Well, you did give me new information, so asking here was not in vain.
Going to xen-devel is indeed the next step.
You should be able to build an upstream 4.17.x Xen image (the xen.gz
file that goes into /boot) and boot that without altering anything
else on your system, so that may be useful for testing things out.
I don't do PCI passthrough but I did once have a driver that kept
complaining about "swiotlb buffer is full". At that time Xen devs
told me something like the driver was doing DMA differently because
the dom0 had a low amount of RAM and that if I gave the dom0 4GiB or
more RAM this would force the driver to do DMA in the expected way.
This did fix things for me with that driver.
That would be done with:
GRUB_CMDLINE_XEN="dom0_mem=4096M …"
in /etc/default/grub, but I see that you only have 4G memory total
in this hardware so maybe you could try:
GRUB_CMDLINE_XEN="dom0_mem=1024M,max:4096M …"
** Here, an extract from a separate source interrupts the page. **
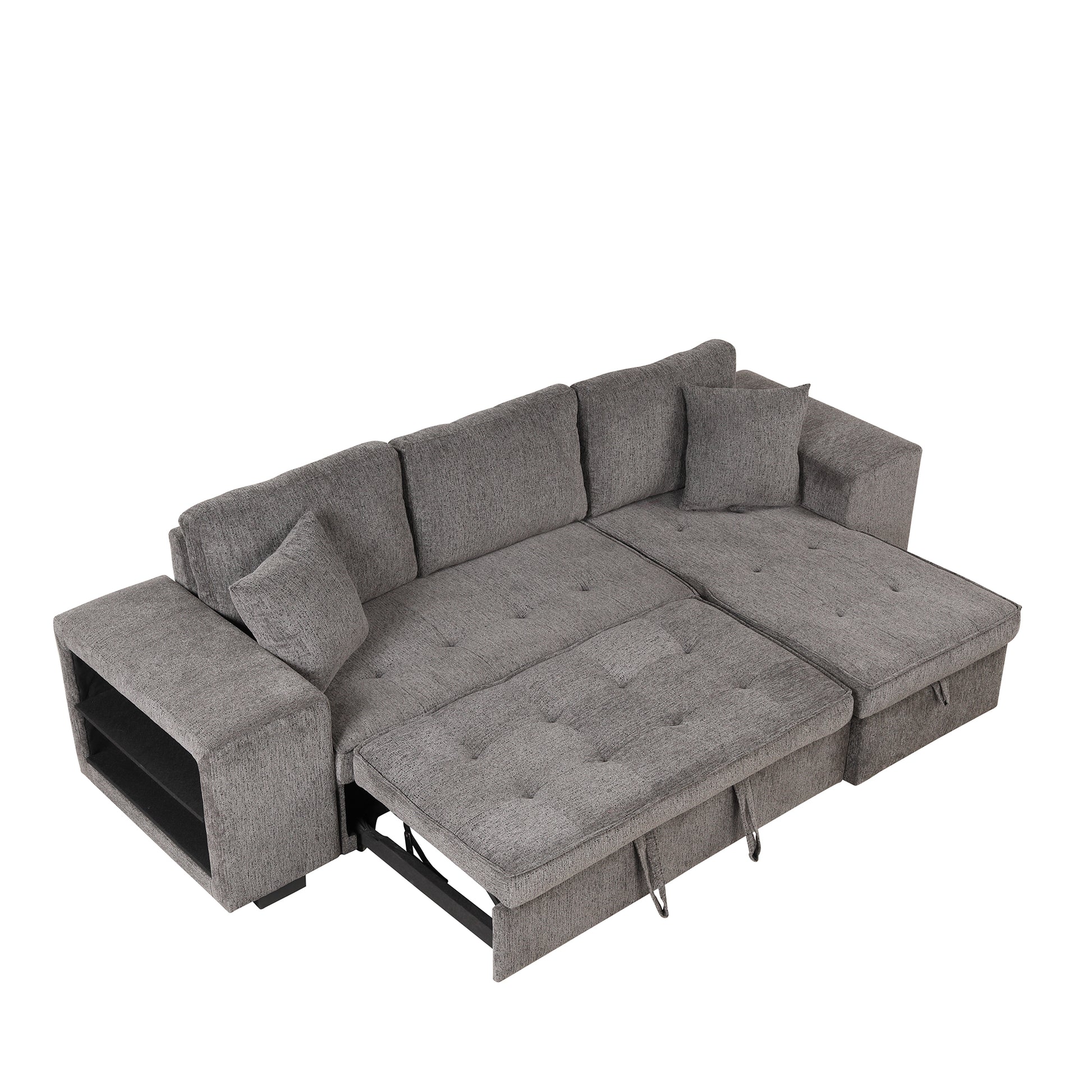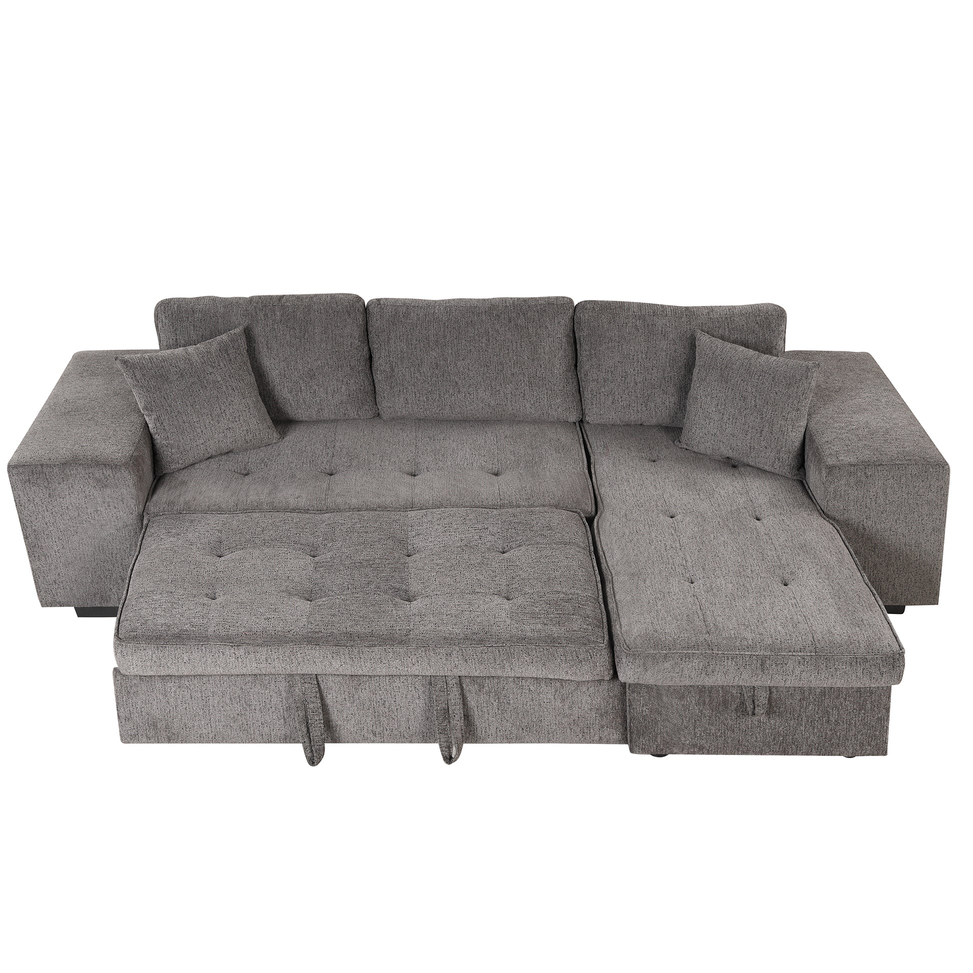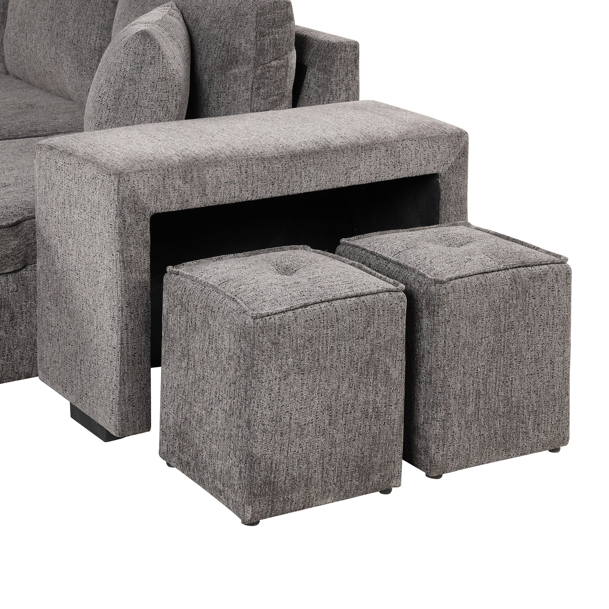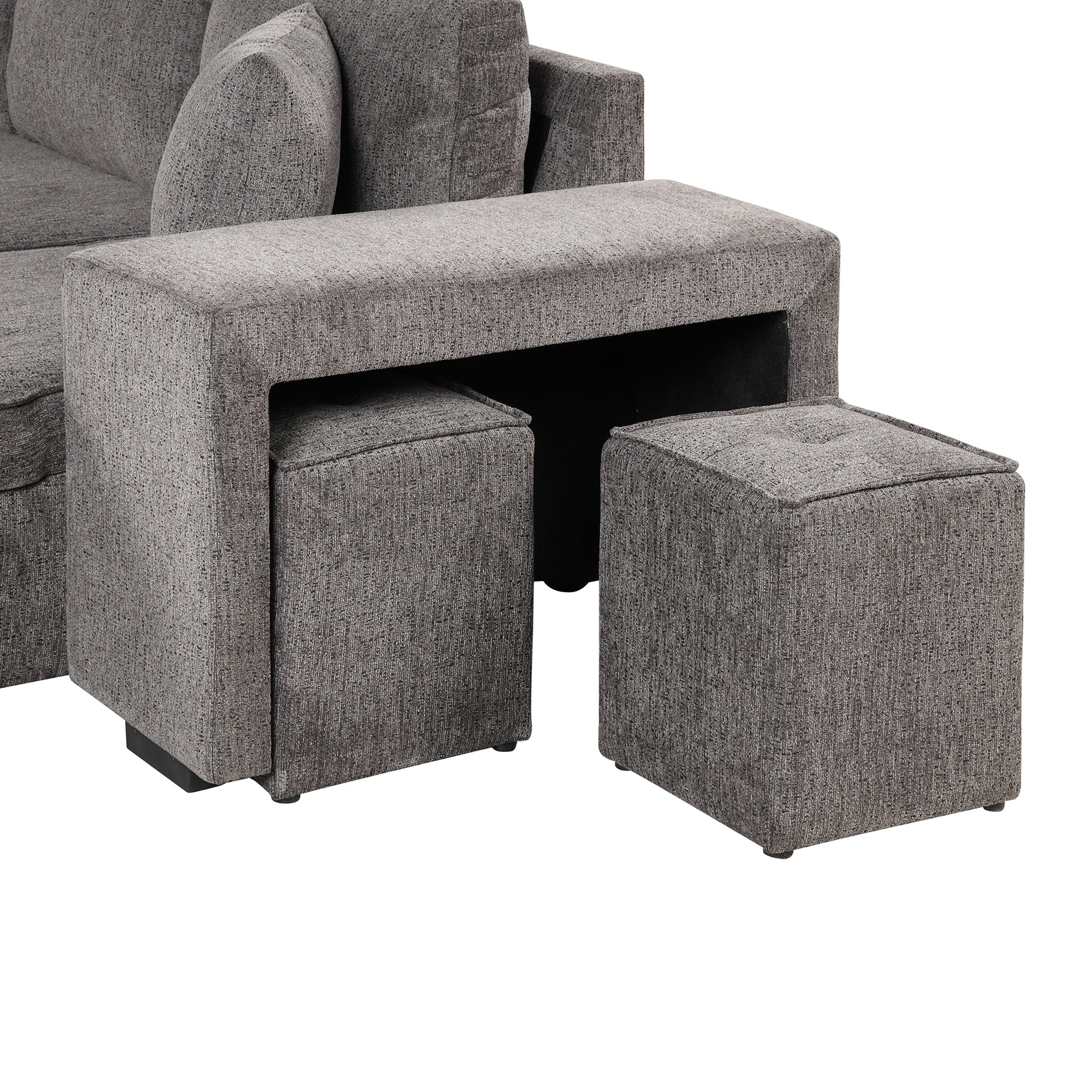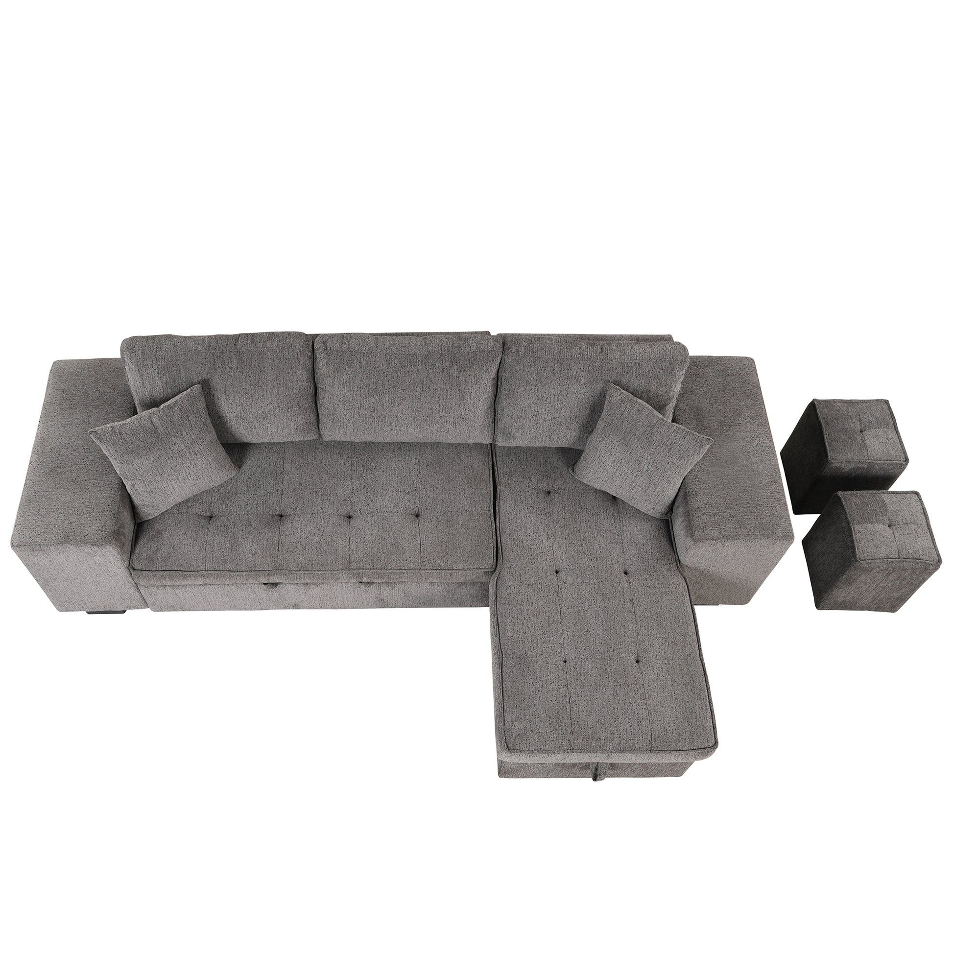 104.5" Modern L Shape 3 Seat Reversible Sectional Couch, Pull Out Sleeper Sofa With Storage Chaise And 2 Stools For Living Room Furniture Set,Knox Charcoal Old Sku:Sg000431Aaa Knox Charcoal Foam Linen 3 Seat

and see if that helps at all? (as far as I understand, the ,max: bit
tells the dom0 kernel that it may have that much memory at some
point, without actually allocating it)
Tried that, didn't help. Thanks anyway!
If that doesn't help, I am out of ideas, and again recommend
xen-devel.
Just to state the obvious, what's bothering me is that my setup was
working with kernel 5.10.0-21 and that it stopped working with kernel
5.10.178-3. So it seems that somewhere inbetween, changes have been
introduced that lead to the non-working state. If I am not wrong, then
that's called a regression, although one that seems to affect only a
very limited number of users (who's the other one?). In principle, it
should be possible to identify this change, but I lack the knowledge to
do so.